My earliest memory, I believe, dates from 42 years ago on November 2, 1970. It’s dark, I’m lying down and my father is bending over me, saying “and tomorrow you’ll be two”.

I think this is a true memory. I’ve always thought it to be so, and I seem to have recalled it many times throughout my life, particularly as my birthday approaches.But whether this has refreshed it, or merely rebuilt it and I just remember my own construct, I can’t be certain.

According to Wikipedia’s entry on childhood amnesia (the phenomenon that adults cannot remember early childhood clearly), "memories from early childhood (around age two) are susceptible to false suggestion, making them less trustworthy". A bit like Wikipedia.

I mentioned my memory to my dad some time ago and he doesn’t believe it happened, but that could be because he doesn’t believe I could remember it. I think it is more or less accurate, but I may have altered some details. I’m pretty convinced of the words spoken, but my father’s face is blurry – it’s undeniably him but I’ve no clear picture of him in his late 20s. Also, I think I’m in a bed, not a cot, and in my own bedroom: that’s dubious because of another early memory I have, of being just a little older and breaking out of my cot, which was in my parents’ bedroom.

That apparently quite regular escapade is still occasionally the subject of an amusing family anecdote, but I'm convinced of my memory of doing it because I remember what it felt like. One end of the cot was an integral blanket box, the outer face of which was a curved roller door. I remember clambering onto it from inside the cot and then the discomfort, the pressure on my ribs, as I spun myself round on my chest on its angular surface so I could slide down over the roller. It hurt, but not enough to stop me doing it over and over again. I think it would be hard to construct a memory of physical sensation like that.

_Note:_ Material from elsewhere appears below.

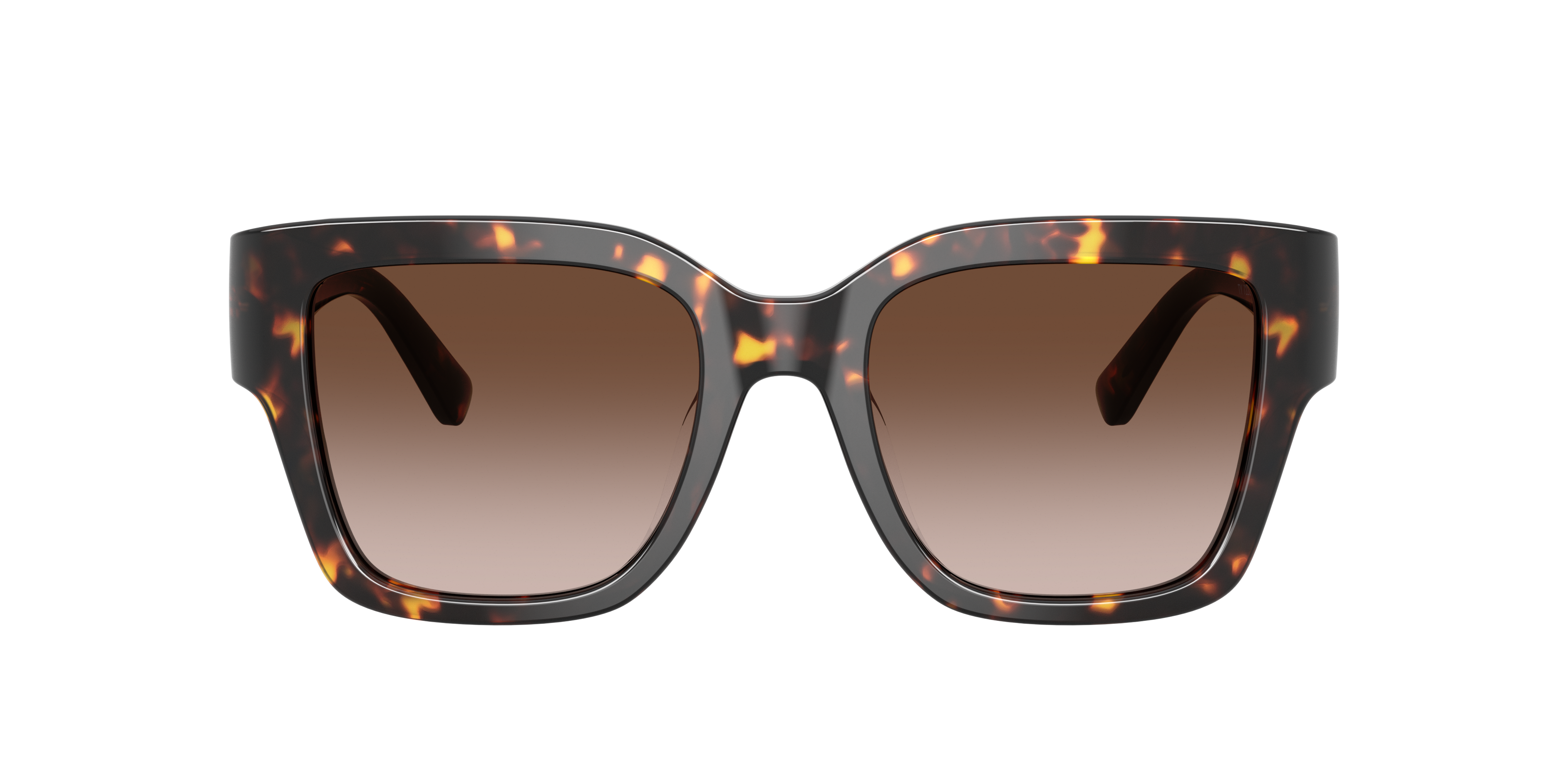 Elevate your style with the Tory Burch TY7228U sunglasses. These Tory Burch sunglasses feature square frames crafted from durable plastic, combining sharp angles with a sleek saddle bridge for a modern, structured look. Finished with a tortoise front and brown gradient lenses, these tortoise sunglasses provide both sophistication and visual ease. Transparent acetate temples feature a cut-out Double T logo for unique detailing. Engineered in bio-based acetate, they deliver sustainable elegance.

And now I've just turned 44. How very middle-aged. Still, it’s fashionable to be middle-aged – everyone I was at school with is doing it, even the cool kids.

I’m not quite sure when you become middle-aged. Not halfway to three score years and ten, anyway – 35 is young these days, and counting anything by Biblical reference leads to nonsense about the Earth having yet to reach its 6000th birthday and our ancestors having the opportunity to own pet stegosaurs.

The generally-accepted gateway to middle age seems to be at 40, and that is closer to the halfway mark suggested by UK National Statistics, which is just about 80 (except for viewers in Scotland). So by that token, I have been middle-aged for four years, or ten per cent of my life. But these averages don’t really mean much, middle-age is more a matter of mind than of numbers. I think it happens when mortality first bites, at that point when our sense of invulnerability quietly slides away and we see the final curtain flapping in the wind, even if it is still some way away.

In my case, that was just about a year ago. In the run-up to my 43rd birthday various doctors interviewed, examined and scanned me to ascertain why I had thrashed epileptically across the office floor at the start of October; a week later I went for my first MRI, and disturbingly quickly after that had what is probably still the worst day of my life so far - November 16, 2011 - when I woke up to a phone-call telling me my lovely wee Gran had died, and then went into hospital to learn that I probably had a brain tumour.

Less than a week after that I was chatting with neurosurgeons who asked nicely if they could cut into the side of my head to check. And on December1, they did.

Just days before that operation I started this blog, so everything that followed - the whole unpleasant business of being told that I did have a tumour and it was likely to try to grow a new head, having to tell other people, and then the vaccines and radiation and chemo, the tiredness and sickness and hair-loss – have all been well documented.

So if you've read at least some of that, you'll realise that on the whole 43 hasn't been a great year for me. But while I hate to cast myself as relentlessly optimistic – I do like to examine all available silver linings for clouds – I can’t help seeing the upsides to this year: I married the love of my life, had a couple of great holidays, and my new-found sense of mortality reinforced my sense of how precious time is, which has given me greater ambition to do things for the fun, satisfaction or hell of them (more on that in later posts, perhaps).

Wish me a happy birthday. And if you want to make it happier, donate some money to The Beatson.

They’re the reason I’m feeling good and ready for another year, after all.